Material to process:
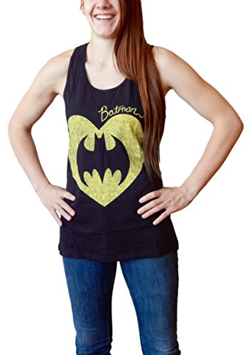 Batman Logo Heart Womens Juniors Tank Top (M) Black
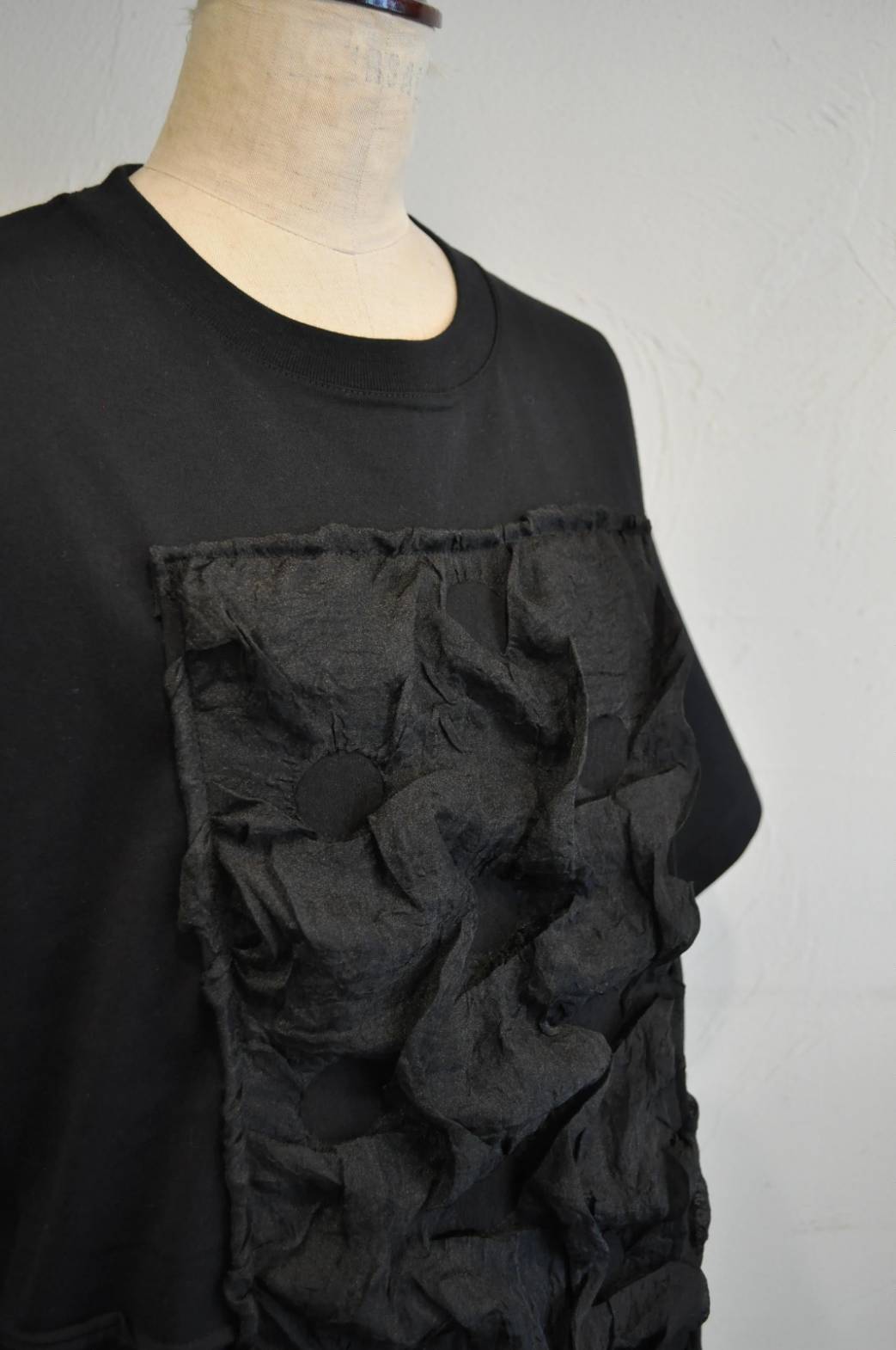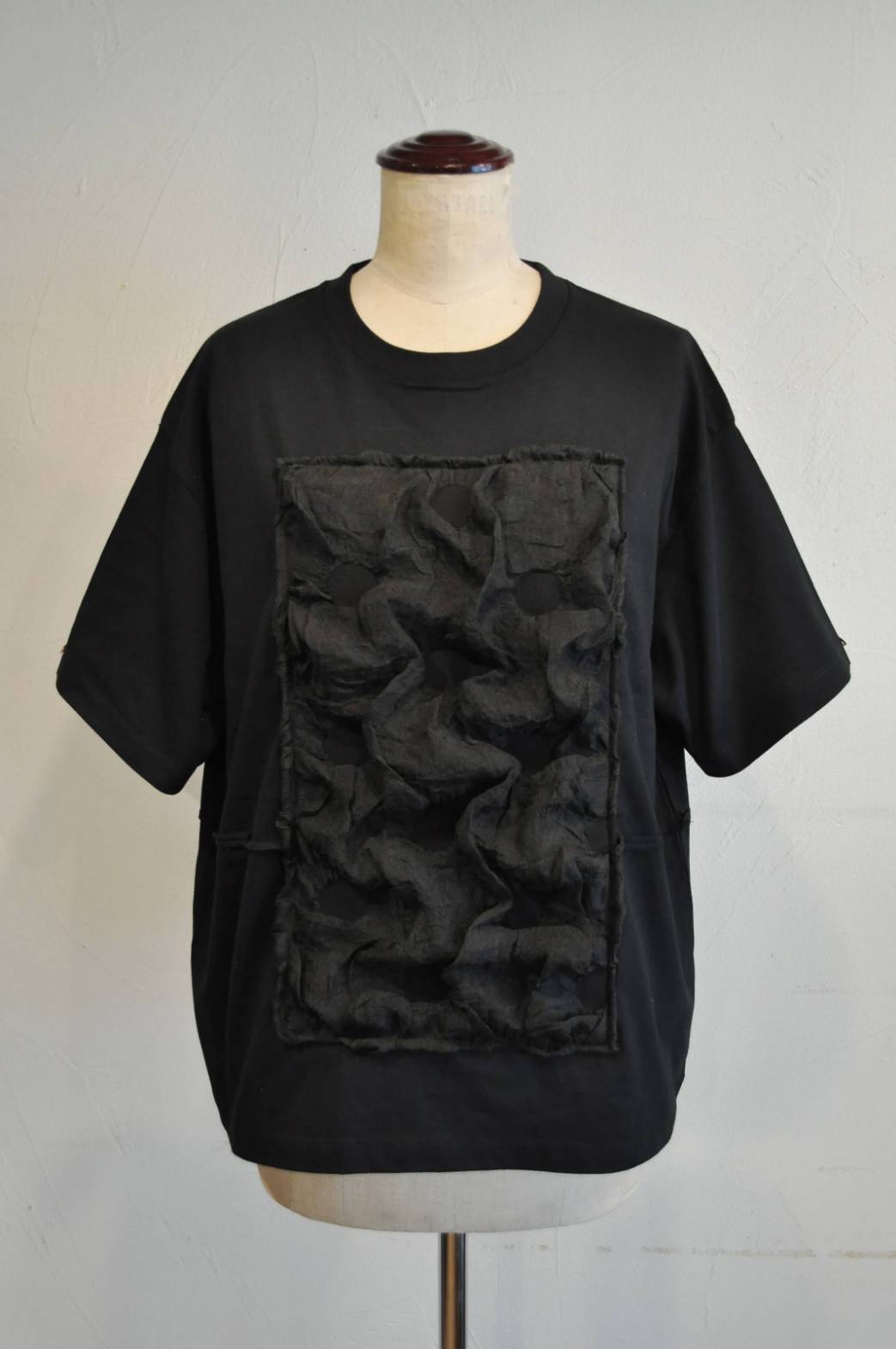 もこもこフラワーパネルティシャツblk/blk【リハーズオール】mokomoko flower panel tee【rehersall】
--
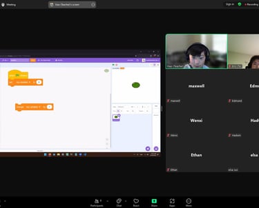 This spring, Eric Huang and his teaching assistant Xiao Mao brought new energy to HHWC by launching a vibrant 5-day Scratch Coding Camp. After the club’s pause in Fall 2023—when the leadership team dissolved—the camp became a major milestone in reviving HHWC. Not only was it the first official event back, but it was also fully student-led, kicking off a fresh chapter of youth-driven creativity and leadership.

Directions: Copy the entries above exactly, but only the stretch from the line containing "Batman Logo Heart" through the line containing "もこもこフラワーパネルティシャツblk/blk【リハーズオール】mokomoko flower panel". Keep both end lines; drop the pictures.

Your response:
 Batman Logo Heart Womens Juniors Tank Top (M) Black
 もこもこフラワーパネルティシャツblk/blk【リハーズオール】mokomoko flower panel tee【rehersall】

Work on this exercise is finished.